Aujourd'hui, cette attaque forcément appelée à être médiatisée — en raison de cette fameuse «ligne rouge» fixée par Barack Obama et qui subsiste dans les esprits — survient alors que depuis le 9 mars, 133.000 civils et combattants ont quitté la Ghouta orientale, selon l'Onu. Une évacuation que finalise l'accord trouvé ces derniers jours entre Jaych al-Islam et les autorités syriennes.
En avril 2017, l'attaque survenait pile au moment où se tenait à Bruxelles un sommet, organisé sous l'égide de l'Union européenne et des Nations unies, réunissant depuis 70 pays et organisations internationales afin de parler de l'avenir de la Syrie. Le tout une semaine après la fin d'un round de négociations entre l'opposition et le gouvernement syrien à Genève, lui-même rendu possible par la conférence Astana III.

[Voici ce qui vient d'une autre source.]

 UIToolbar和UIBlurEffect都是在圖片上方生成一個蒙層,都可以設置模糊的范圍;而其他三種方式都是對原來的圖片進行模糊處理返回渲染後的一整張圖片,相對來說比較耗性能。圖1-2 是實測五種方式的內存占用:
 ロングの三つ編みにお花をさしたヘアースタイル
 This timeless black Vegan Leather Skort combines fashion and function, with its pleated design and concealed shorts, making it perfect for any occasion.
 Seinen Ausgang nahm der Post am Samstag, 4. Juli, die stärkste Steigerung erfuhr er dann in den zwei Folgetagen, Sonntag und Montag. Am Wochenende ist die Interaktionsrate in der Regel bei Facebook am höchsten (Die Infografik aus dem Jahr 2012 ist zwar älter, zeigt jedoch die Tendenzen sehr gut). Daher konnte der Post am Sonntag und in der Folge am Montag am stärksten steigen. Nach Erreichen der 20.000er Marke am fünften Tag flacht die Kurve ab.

Une attaque qui tombait «à point nommé, non pas pour le régime, mais contre lui» réagissait à l'époque le député socialiste Gérard Bapt, président du groupe d'amitié France-Syrie de l'Assemblée nationale. À notre micro, il rappelait qu'«une commission américaine qui avait enquêté après la Ghouta avait elle-même certifié que les provisions d'armes chimiques étaient — avant la destruction par le régime de ses propres stocks — réparties "équitablement" des deux côtés. Il y avait autant d'armes chimiques chez les rebelles que dans les entrepôts du gouvernement syrien». Un point régulièrement éludé par nos confrères.
Le bilan même de l'attaque pose la question de sa crédibilité, selon certains observateurs, qui soulignent que toute attaque à l'arme chimique, par obus d'artillerie ou de mortier, voire "simple", largage de bidon, devrait être efficace sur un rayon d'au moins un kilomètre, soit au minimum 3,14 km2.

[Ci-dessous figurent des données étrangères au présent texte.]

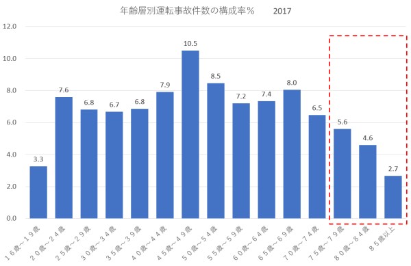 - 上のグラフは事故件数の年齢層別構成比を描いたもので、年齢層別にみると16歳~19歳層を除いて高齢者層はすべての年齢層より少ない、赤線枠内75歳以上の事故件数率は全体の13%程度である。
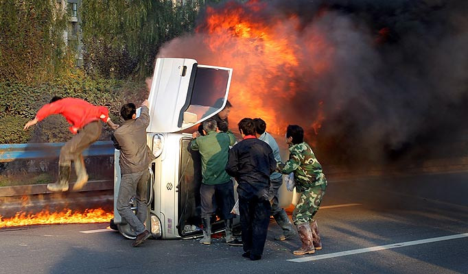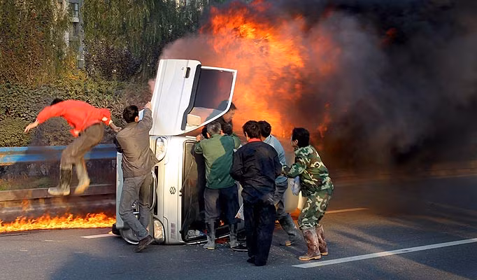 Chiếc xe tải bị lật nghiêng một cách bí ẩn sau khi khói bắt đầu phát ra từ dưới bộ khung. Người lái xe thoát ra đầu tiên sau đó ông đã giúp đưa từng người một thoát ra. Thật đáng kinh ngạc, không có một người lái xe nào dừng lại để giúp đỡ những người bị nạn dù lúc đó là giờ cao điểm buổi sáng ở Tây An, Trung Quốc.

"We are winning, both the battle & the war, we have large support internationally & locally, so instead of targeting terrorists, let's just damage our public image, trigger a military response from the west & gas civilians"
— ܓܐܟ (Jack) (@RealJackTheBad) 8 апреля 2018 г.
How stupid do you think Syrians are? https://t.co/mXGq6FkYSB
Dans une zone aussi densément peuplée que la Ghouta, avec plus de 16.000 habitants au km2 annoncés par les "rebelles", le bilan de 80 personnes tuées n'est donc pas cohérent: environ 50.000 personnes devraient être directement affectées.
Même en divisant par deux toutes les variables (zone de contamination et densité de population), on arrive à 12.500 personnes affectées, ce qui n'est toujours pas du même ordre de grandeur que le bilan avancé pour cette attaque au gaz, qui ressemble plus à un gazage dans un lieu confiné, dont l'armée syrienne serait incapable depuis l'extérieur du quartier en question.
Peut-on alors parler de provocation, comme l'avait fait l'armée russe, qui mettait en garde contre cette possibilité depuis longtemps? Les éléments nous manquent pour l'affirmer, mais ces incohérences, ajoutées au total manque d'intérêt du gouvernement d'Assad de recourir à ce type de moyens alors qu'il a déjà remporté la victoire, devraient pousser les chancelleries occidentales à plus de retenue dans leurs conclusions. Mais le souhaitent-elles vraiment?